An exemplary embodiment of the present invention was tested to determine the efficacy of the techniques. In this embodiment, the presence of FORM pages and the accompanying requests for client information, were used as indicators that Web pages could belong to providers. Specifically, the indicator base (IB[I,w]) used for the test is shown in columns 2 (i) and 3 (w) of Table 1.

The information in Table 1 was assembled by examining the Web pages from a number of providers. It was discovered that choosing indicators where the site asks for information from the client was an effective way of narrowing down sites that might be owned by providers. The weights for each dimension (w), as shown in column 3 were then established. For example, many Web pages have forms for searching and many businesses have toll free numbers so they are not, by themselves, clear indicators of a provider. Accordingly, the weight of these indicators was reduced to 0.6 in this example.

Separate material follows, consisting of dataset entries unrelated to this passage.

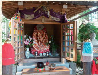
助けの地蔵(込の地蔵)
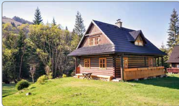
CHATY A CHALUPY SLOVENSKO ..... str. 38-41
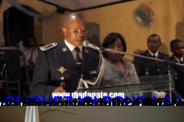
CLIQUEZ ICI POUR LA VIDEO DU DISCOURS DU GENERAL RANDRIANAZARY
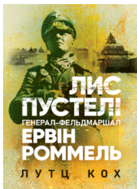
Лис пустелі. Генерал-фельдмаршал Ервін Роммель
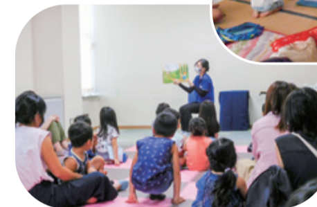
庄和図書館「夏休み親子おはなし会」
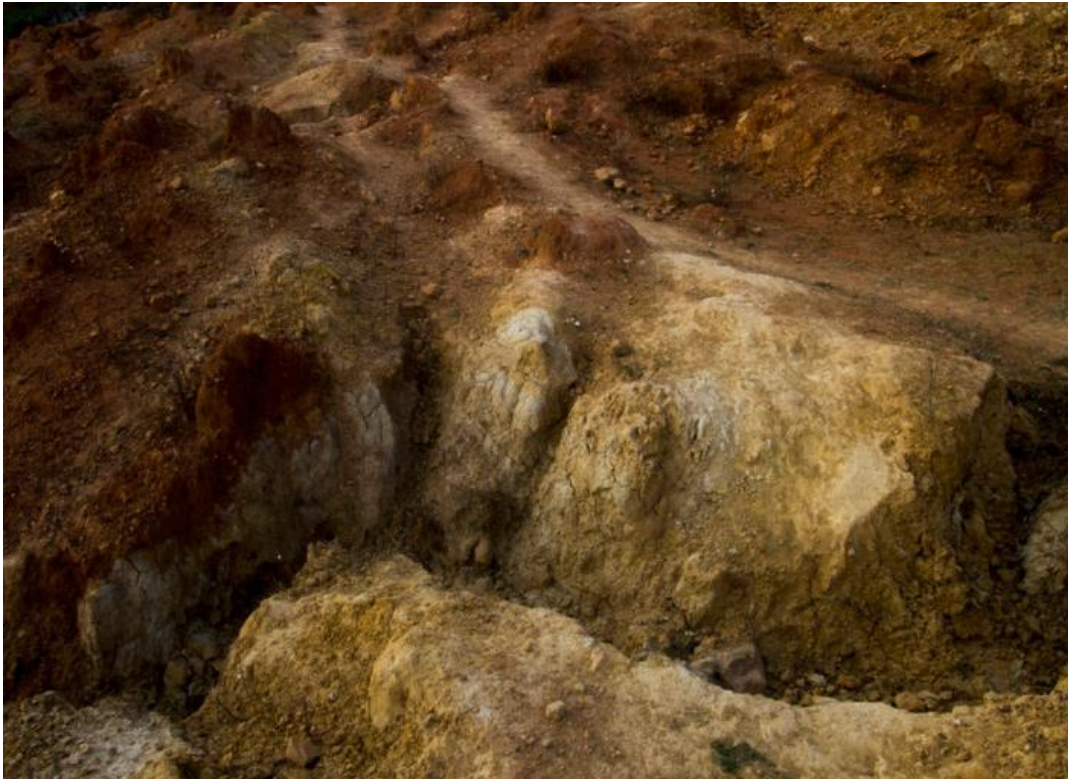
Imagen 4 Karina Juárez. "9 mil kilómetros". s/f.

9 mil kilómetros (s/f), de Karina Juárez.

As can be seen by weighting factor (w) used in row 16, the weighting factors are not limited to positive values. Thus, a negative weighting factor can be used to account for the occurrence of items that militate against the Web page belonging to a provider. If there is a particularly important negative characteristic such as a long table of similar entries likely found in a directory of services but not the provider itself (it is a directory service), then one can assign a high negative weight to reject such Web pages.

An example Web page was analyzed using the information in Table 1. A comparison of the source code for the Web page with the indicators shown in column 2 resulted in the true/false indication shown in column 4, which is 1 if the indicator was present and 0 if the indicator was not present. Many variants are possible, for example, the number of times an indicator appears in a Web page could be used in place of the true/false indication.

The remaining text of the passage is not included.